Wednesday, May 28, 2014

THE BIG HOAX


Generals are not the only ones famous for fighting the last war. Central bankers the globe over know a thing or three about the subject, too.

Forget if you can for the moment energy and food, and that's precisely what they'd like you to do, here's a brief list of rising prices of things despite all the deflation talk and concerns about low inflation among central bankers, airline and movie tickets, tuition and shelter costs, repair services fees and medical costs. 

A front page article of today's WSJ headline reads: "Insurers Push To Rein In Spending on Cancer Care" The first paragraph tells it all. "Insurers are changing how they pay for cancer care, aiming to blunt the soaring costs and push oncologists to adhere to standardized treatment guideline."

Check out your municipal services over the last year or so, things like trash and water or those unwanted but quite costly traffic fines and penalties that for some mysterious reason keep accelerating.

Our guess is the Fed is behind the curve, the economy is closer to so-called full employment than most believe. Much of the hand wringing about slack is just that, misplaced hand wringing. That should get folks thinking about the W word and the next dropped shoe, wages.
 
 Real wages are and have been flat.

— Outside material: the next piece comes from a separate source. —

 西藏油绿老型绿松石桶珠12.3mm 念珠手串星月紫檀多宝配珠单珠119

Many COLAs have been either cut or eliminated. If you're a COLA owner you might prefer the description decimated.

The 10-year Treasury recently hit a low of  2.44% in spite of the fact that many believe the Fed will soon siphon more juice from the punch bowl. That's a big assumption not the least of which is the Fed will get things just right or won't be too slow to recognize their mistake.

The quiver is empty. Standing by to do what ever it takes won't get it this time around. These are bureaucrats. About the only really safe assumption one can make about them is they hardly ever know what they're doing and get it correct. These are the the crowned knights of unintended consequences.

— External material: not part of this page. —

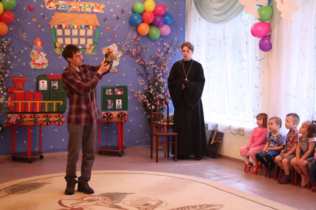 24 мая в детском саду № 22 «Родничок» состоялся утренник, посвященный празднику Пасхи. В гости к ребятам пришел клирик храма Преображения Господня священник Иоанн Слобжин вместе с приходским звонарем Сергеем Агахановым. Отец. Иоанн рассказал детям о празднике Пасхи и поведал о традициях, связанных с ним. Когда речь зашла о колокольном звоне, слово взял звонарь Сергей. От него ребята узнали об устройстве колоколов, их месте и значении в жизни Церкви. В завершение каждый из детей смог позвонить в принесенные из храма малый колокол и било.

Too many investors are anticipating the horse to stay in front of the cart. But that's why surprises surprise. Look around. Yield-starved investors are desperately chasing anything and everything to sniff out higher returns on their money.

Interest rates are lower than a duck's belly. If the bond market isn't a bubble just waiting to burst, then it don't snow in Minneapolis in the winter time and former Fed Chair Ben Bernanke speaks pro bono to hedge fund mangers on request.

 The late mystery writer Raymond Chandler wrote a classic called The Big Sleep. With all the braying among central bankers about deflation, we suspect these boys and girls are working on another one that should be titled, The Big Hoax.